In mid-January, the Atlantic Club Casino Hotel closed, putting 1,600 people out of work in one day. The new Revel, once touted as Atlantic City’s savior, went through bankruptcy and now resembles a sumptuous ghost town, with bored shopgirls checking their nails and rows of empty tables at the three Jose Garces restaurants.

Intense competition from casinos in Pennsylvania, New York and Delaware is crushing Atlantic City’s gaming economy, and that in turn threatens to deal a Detroit-style deathblow to Atlantic City itself. Since 2008, the city’s tax base has shrunk by a third, as casinos win steep cuts in their property tax assessments. This year, the city must close a projected budget deficit of $40 million. And raising taxes is out of the question: Rates went up 22 percent last year alone.

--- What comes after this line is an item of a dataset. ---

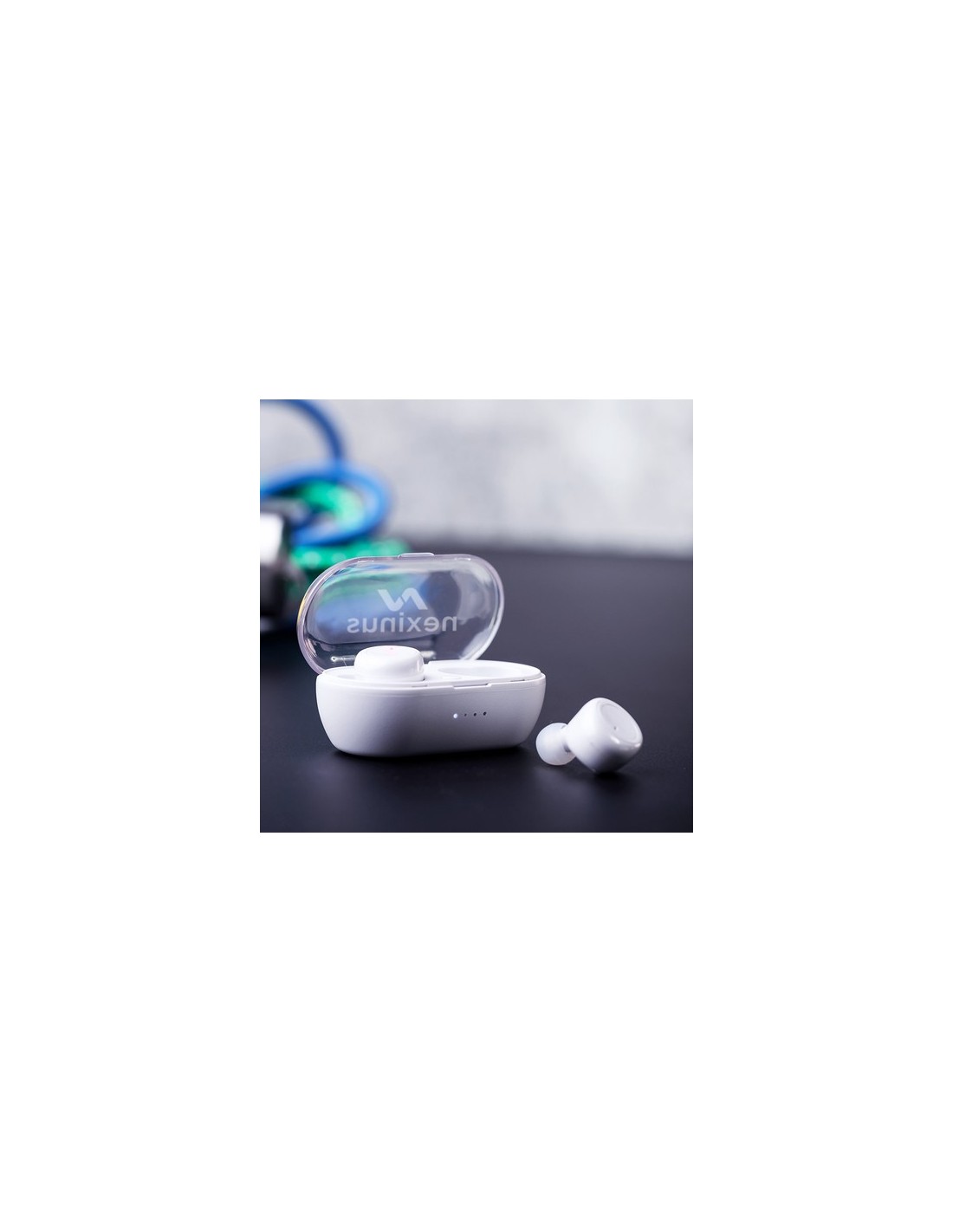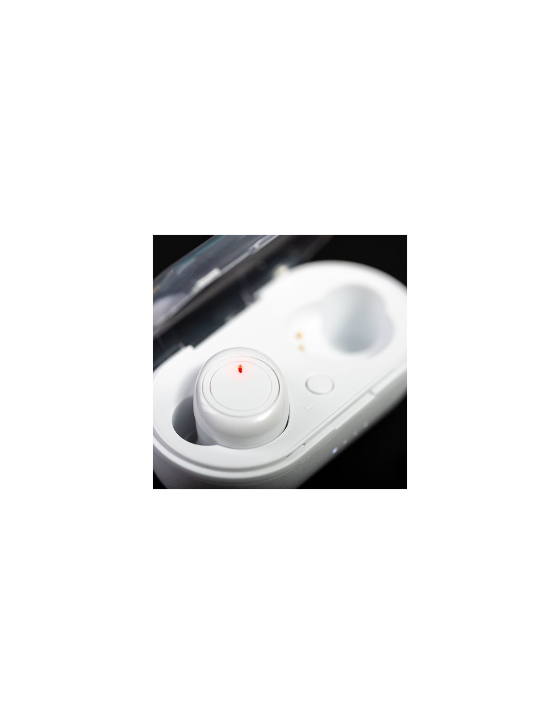 Auriculares intraurales de conexión Bluetooth 5.0 y diseño minimalista en elegante color blanco. De diseño ergonómico, incluyen panel de control integrado en en auricular, con estuche y base de carga a juego. Función manos libres y recargables, con cable micro USB incluido. Presentados en estuche individual de lujo con tapa transparente de bisagra. Presentados en atractiva caja de diseño. Conexión Bluetooth. Batería 50 mAh/ Base Carga 250 mAh

Atlantic City’s residents have long had a chip on their shoulder, owing to the fact that so much of the money made there seems ultimately to benefit people outside the impoverished municipal boundaries. The city’s relationship with its casinos is fraught and complicated. The distrust between city government and the county and state runs deep.

But with Guardian, Atlantic City’s voters chucked all that aside.

“When you have a city that’s nine-to-one Democrat vote for a Republican, that’s amazing,” says South Jersey power broker and state Senate president Stephen M. Sweeney. “That’s a cry for help.”

GUARDIAN IS HOLDING the key to City Hall, but he’s struggling to actually enter the building. He briskly circles about, looking for a way in while adding to his to-do list at the same time. “There,” he says, pointing at a bleak concrete plaza, “we’re going to tear all that out, make it green, make it inviting.”

For the past 20 years, Guardian has worked for Atlantic City’s Special Improvement District, essentially a much smaller version of Philadelphia’s Center City District, run by Paul Levy. And indeed, Guardian has occupied a role in Atlantic City not unlike Levy’s in Philadelphia. He’s friendly with business interests, deeply concerned with tax policy, and obsessively focused on maintaining and improving order and appearance. As is the case with Levy, people have lobbied him to run for mayor for years. Like Levy, Guardian always demurred.

Two things changed Guardian’s mind. One was Atlantic City’s terrifying descent in recent years. The other was the success the Casino Reinvestment Development Authority has had in providing basic public services in the large state-run tourism district—a success that owes much to Guardian.

In 2011, the CRDA subsumed the far smaller Special Improvement District Guardian had run. Guardian kept his job, though, and indeed, he became responsible for sprucing up the entire tourism zone, which encompasses about half the city.

“It took us a few weeks to figure out how to clean half the city on a daily basis with just four guys and some equipment,” Guardian tells me. He began to think, “If we can do it for half the city, then I can do it for the whole city.”